S3 Flashcards
S3 basics
- Safe place to store files
- Object-based storage (can upload)
- Data is spread across multiple devices & facilities
- 0b to 5TB per file
- Storage unlimited
- Buckets - universal namespace
- After uploading a file, you are provided with a HTTP 200 code back to your browser
S3 objects
Consist of:
- Key & value
- Version ID
- Metadata
- Subresources:
- Access control lists
- Torrents
S3 data consistency and guarantees
- ‘Read after Write’ consistency for PUTS of new objects
- ‘Eventual Consistency’ for overwrite PUTS and DELETES (i.e. aren’t immediate, if you try to read immediately, you may get an older version)

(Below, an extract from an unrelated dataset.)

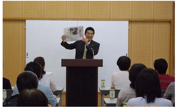
〈7月25日：県政報告会（若久校区）〉 記録的な大雨が続く中、たくさんの方々に お集まりいただきありがとうございました。

Guarantees: - 99.99% availability for the S3 platform
- 99.99% (11 9s) durability for S3 information (i.e. info not being lost)
S3 features
- Tiered storage available
- Lifecycle management
- Versioning
- Encryption
- MFA for deleting objects
- Secure data further using Access Control Lists and Bucket Policies
S3 Storage Classes
- Standard
- Infrequently Accessed (IA): rapid access only when really needed. Charged a retrieval fee
- One zone IA: lower cost option for IA, only one AZ
- Intelligent tiering: optimises costs by moving data between tiers automatically. No impact on performance or operational overhead
S3 Glacier
- Glacier: secure, durable, low-cost data archiving. Store any amount of data at or lower than on-prem. Retrieval times configurable from minutes to hours
- Glacier Deep Archive: lowest-cost storage class, retrieval time of 12 hours is acceptable
S3 costs
Costs incurred on:
- Storage
- Number of requests
- Storage management pricing (i.e. moving between tiers)
- Data transfer
- Transfer acceleration (fast transfer of files over long distances using CloudFront)
- Cross-region replication
S3 Versioning
- All versions of an object are stored (including writes, deletes receive a delete marker over that version)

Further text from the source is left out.